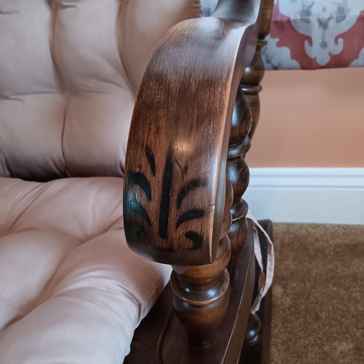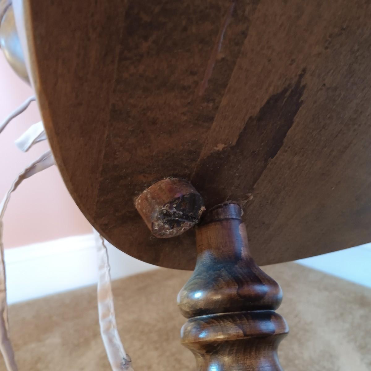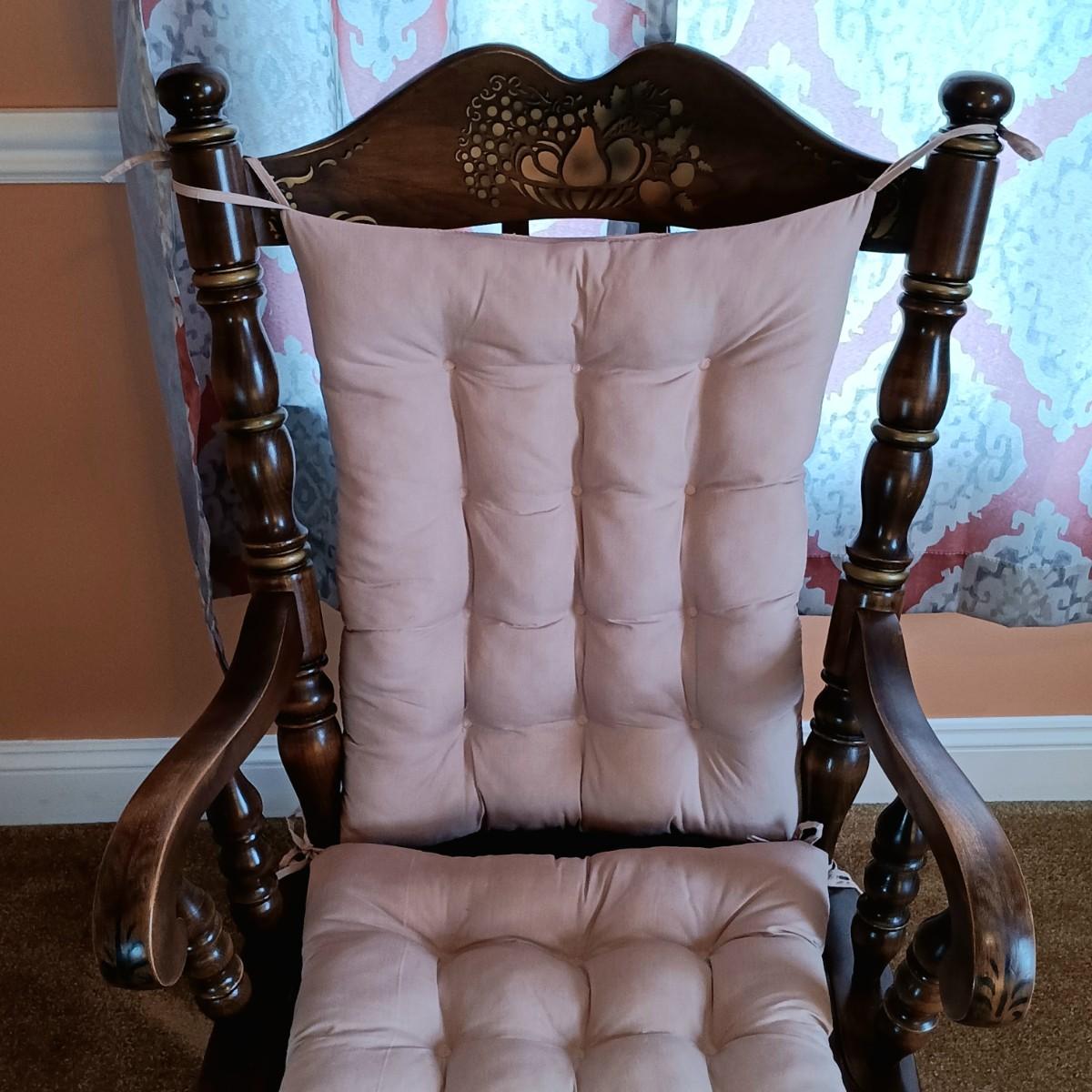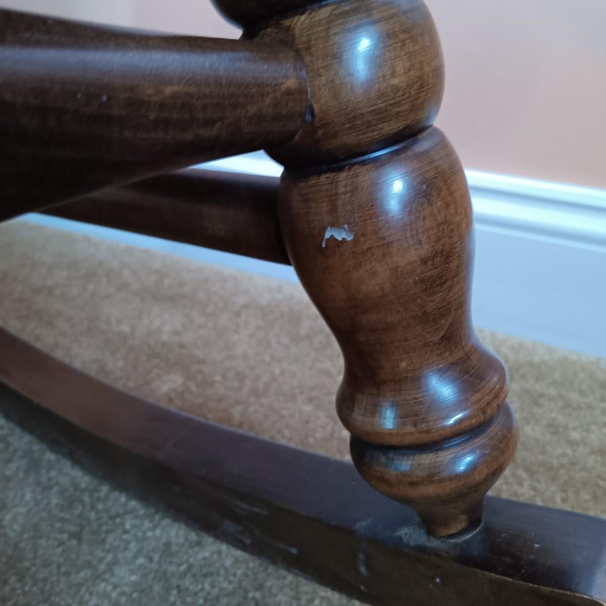 LOT5-O: Sturdy Wood Rocking Chair with Cushion; Pie Crust Table with Brass Style Lamp
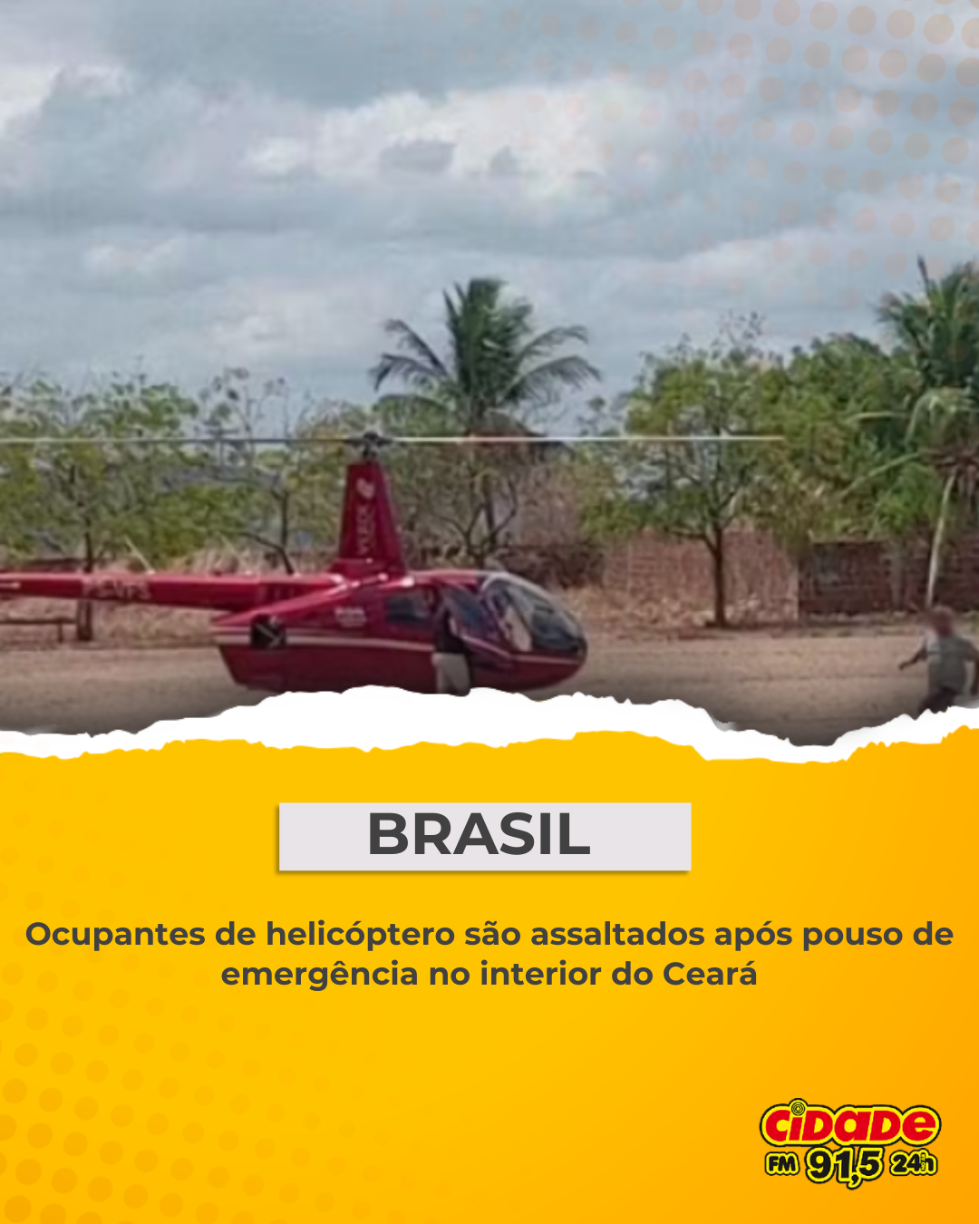 Da redação Tupã, SP- Ocupantes de um helicóptero foram assaltados após a aeronave realizar um pouso de emergência no distrito de Palmatória, em Itapiúna, no interior do Ceará, nesta quinta-feira (20). Vídeos feitos por moradores mostram o helicóptero sobrevoando a região e, em seguida, pousado em um campo de futebol.
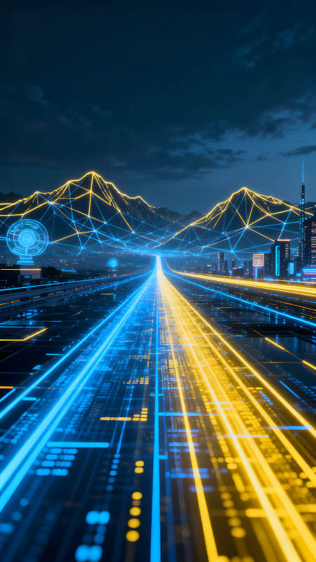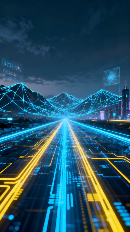 赛博朋克风格城市道路与山脉
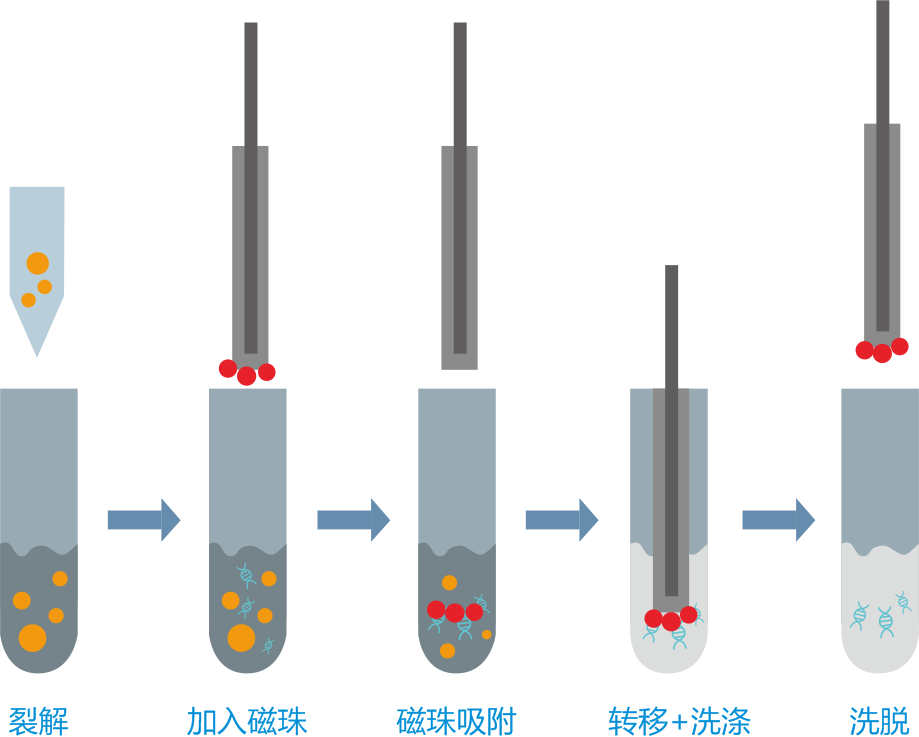 裂解:通常裂解液中會(huì )含有洗滌劑,根據樣本的不同還會(huì )添加蛋白酶,用于裂解和溶解蛋白質(zhì);另外還有高濃度的離液鹽,如異硫氰酸胍,它能擾亂氫鍵,破壞核酸與水之間的結合,使核酸能夠與磁珠結合。

○ ○ ○

● **What you have to do**
Restate the listing above word for word. Leave the images out.

● **Exercise output**
 LOT5-O: Sturdy Wood Rocking Chair with Cushion; Pie Crust Table with Brass Style Lamp
 Da redação Tupã, SP- Ocupantes de um helicóptero foram assaltados após a aeronave realizar um pouso de emergência no distrito de Palmatória, em Itapiúna, no interior do Ceará, nesta quinta-feira (20). Vídeos feitos por moradores mostram o helicóptero sobrevoando a região e, em seguida, pousado em um campo de futebol.
 赛博朋克风格城市道路与山脉
 裂解:通常裂解液中會(huì )含有洗滌劑,根據樣本的不同還會(huì )添加蛋白酶,用于裂解和溶解蛋白質(zhì);另外還有高濃度的離液鹽,如異硫氰酸胍,它能擾亂氫鍵,破壞核酸與水之間的結合,使核酸能夠與磁珠結合。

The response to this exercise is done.